Bug 1665248
| Summary: | Kernel panic in msgr-worker while running with kernel 3.10.0-957.1.3.el7.x86_64 | ||
|---|---|---|---|
| Product: | [Red Hat Storage] Red Hat Ceph Storage | Reporter: | rom |
| Component: | RBD | Assignee: | Ilya Dryomov <idryomov> |
| Status: | CLOSED DUPLICATE | QA Contact: | ceph-qe-bugs <ceph-qe-bugs> |
| Severity: | urgent | Docs Contact: | |
| Priority: | unspecified | ||
| Version: | 4.0 | CC: | ceph-eng-bugs, jdillama |
| Target Milestone: | rc | ||
| Target Release: | 4.0 | ||
| Hardware: | x86_64 | ||
| OS: | Linux | ||
| Whiteboard: | |||
| Fixed In Version: | Doc Type: | If docs needed, set a value | |
| Doc Text: | Story Points: | --- | |
| Clone Of: | Environment: | ||
| Last Closed: | 2019-02-12 20:56:18 UTC | Type: | Bug |
| Regression: | --- | Mount Type: | --- |
| Documentation: | --- | CRM: | |
| Verified Versions: | Category: | --- | |
| oVirt Team: | --- | RHEL 7.3 requirements from Atomic Host: | |
| Cloudforms Team: | --- | Target Upstream Version: | |
| Embargoed: | |||
|
Description
rom
2019-01-10 19:29:24 UTC
This has been fixed in https://bugzilla.redhat.com/show_bug.cgi?id=1647460. I'll try to expedite the backport to 7.6.z. Nice!!! I dont have access to that bug. How can I see it's content? Also, any idea what kernel I have to go back to for a mean while? I cannot keep my system up and running with so frequent panics. Any 7.5 (i.e. 862) kernel. mmm Will I be able to run 7.5 kernel on 7.6 distro? Or I should revert the distro as well?

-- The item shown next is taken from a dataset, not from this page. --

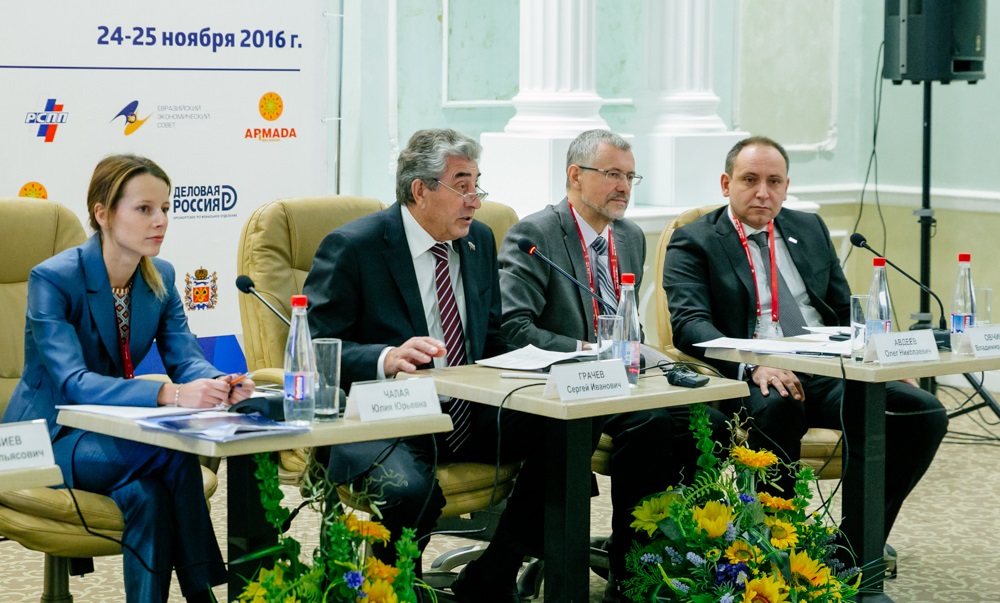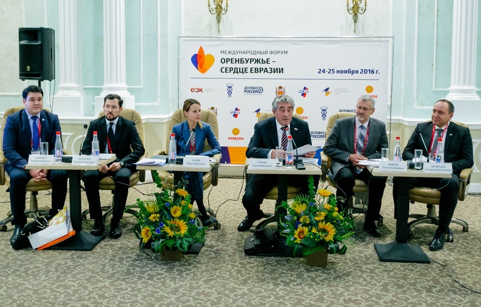 Во второй день форума «Оренбуржье - сердце Евразии» председатель Законодательного Собрания, председатель Правления Оренбургского регионального отделения Российского союза промышленников и предпринимателей Сергей Грачев провел заседание «круглого стола» на тему «Опыт поддержки экспортоориентированных предприятий в странах Евразийского Экономического Союза».

Can you elaborate regarding the root cause? Any way I can just avoid it from happening? To stop using rbd? This bug is specific to the co-location scenario. If you avoid co-locating the kernel client on the OSD nodes (i.e. map your rbd devices on a separate node), you shouldn't see it. The root cause is an unfortunate interaction between one of the new kernel hardening asserts in 7.6 and the way loopback works. Nothing is actually wrong, but under certain circumstances the new assert gets triggered when the OSD attempts to receive packets from the kernel client over loopback. I'm not sure about 7.5 kernel on 7.6 distro. Reverting the distro is obviously more reliable, but if you can avoid co-location for now, you shouldn't have to. Got it. Any eta for the fix? Nothing definitive, watch for "libceph: fall back to sendmsg for slab pages" in 7.6 advisories. BTW another workaround would be to temporarily switch to ext4 on top of your rbd devices instead of xfs. Again, nothing is actually wrong, but it just so happens that one of the conditions needed to trigger this assert should never be true with ext4, so if your images are ephemeral or can be easily recreated with ext4, you can keep on co-locating. *** This bug has been marked as a duplicate of bug 1647460 *** |